- #1
Edy56
- 38
- 5
- Homework Statement
- I am supposed to find the equivalent to R2 and I got 2, but I am supposed to get 3
- Relevant Equations
- None
berkeman said:It's pretty hard for me to read your uploaded pictures. Can you post a better picture of the original circuit, and type some of your work into the forum so it's readable?
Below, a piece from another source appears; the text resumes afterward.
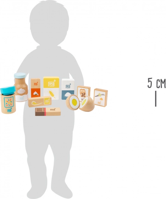 Rozwijaj wyobraźnię małych piekarzy dzięki tej 10‑elementowej drewnianej sadzie dodatków od small foot. Zawiera wszystko, co potrzebne do zabawy w pieczenie: mąkę, cukier, śmietanę, sól, proszek do pieczenia, cukier waniliowy oraz rozkładane jajko. Świetnie uzupełnia dziecięcą kuchnię, wspiera zabawę w odgrywanie ról i rozwój małej motoryki.
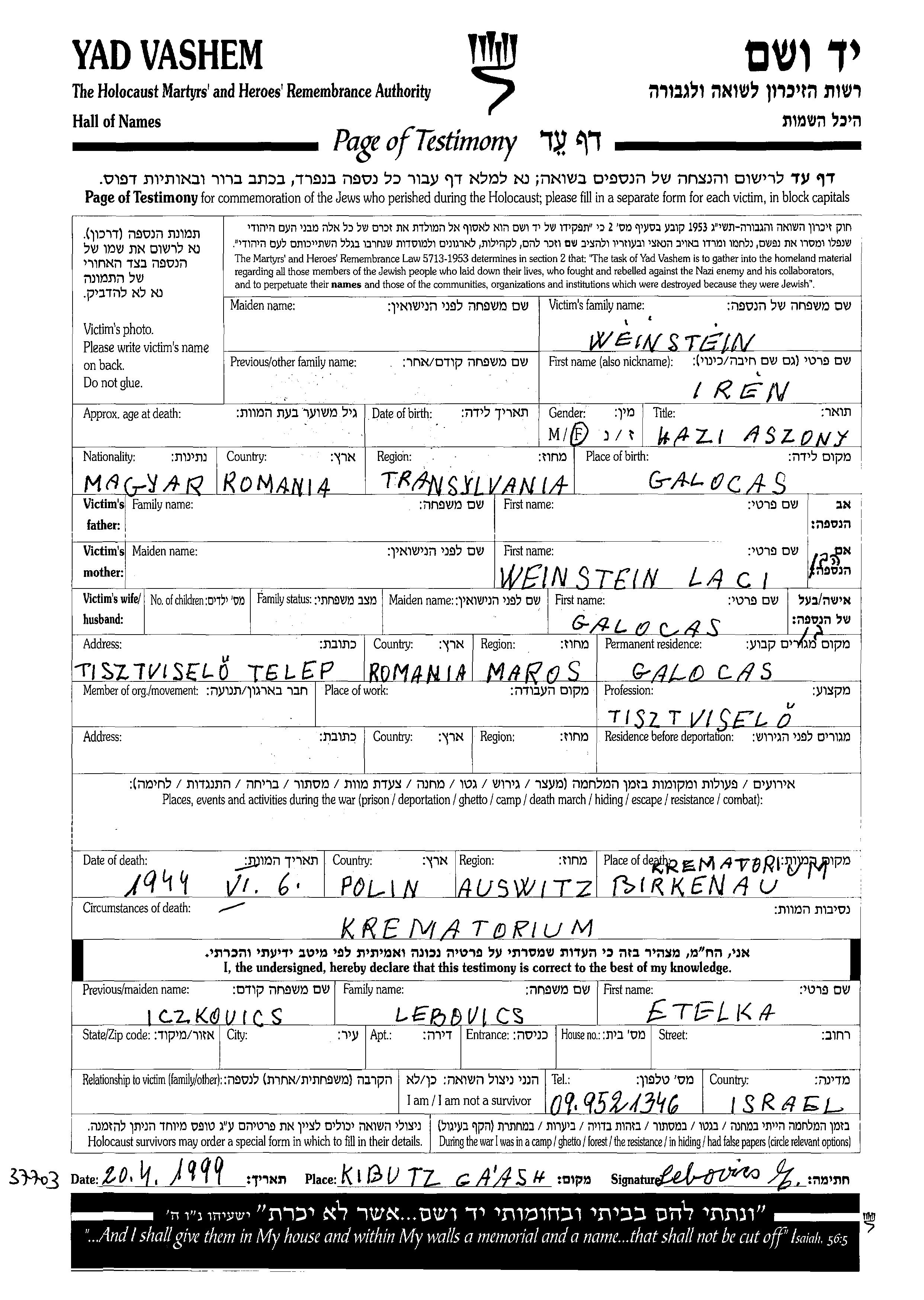 Ирен Вейнштейн, место рождения: Галоцаш, Румыния. Отец: Лаци. Клерк. Холост / не замужем. Место жительства до войны: Галоцаш, Румыния. Место во время войны: Галоцаш, Румыния.

Thanks.
the circuit:berkeman said:Welcome to PF.
It's pretty hard for me to read your uploaded pictures. Can you post a better picture of the original circuit, and type some of your work into the forum so it's readable? Thanks.
(you should consider learning to post math using LaTeX -- see the "LaTeX Guide" link below the Edit window)
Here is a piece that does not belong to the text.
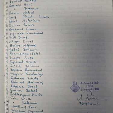Am Samstag dem 14.10.1933 fanden sich einige Schachfreunde im Lokale M. Max zusammen,

It's at the beginning of the threadphinds said:How could we possibly know where you went wrong when you have not shown your work ???
SHOW EVERY STEP
Yes, and it got this response:Edy56 said:It's at the beginning of the thread
TYPE your work into the thread.berkeman said:It's pretty hard for me to read your uploaded pictures. Can you post a better picture of the original circuit, and type some of your work into the forum so it's readable? Thanks.
That's what I did here?Edy56 said:the circuit:
View attachment 321978
here is what I did:
(english is not my first language so sorry if i get any terms wrong)
I thought R3, R4 and R5 form a triangle so I turned it into a star for easier calculation and I did the same for R6 R7 and R1.
Then I thought R34 and R35 are parallel so I calculated that too and the same I did for R61 and R71.
Then I thought all of them were connected in order meaning I could add them all together.
That is:
R3435 +R45 + R67 + R6171.
I got the answer 2, I need to get 3.
Where did I go wrong?
No, you listed the steps you did not show any of the calculations.Edy56 said:That's what I did here?
I am not sure as to how write that. I can draw it, but I don't know how to write those steps.phinds said:No, you listed the steps you did not show any of the calculations.
THIS:
"I thought R3, R4 and R5 form a triangle so I turned it into a star for easier calculation and I did the same for R6 R7 and R1."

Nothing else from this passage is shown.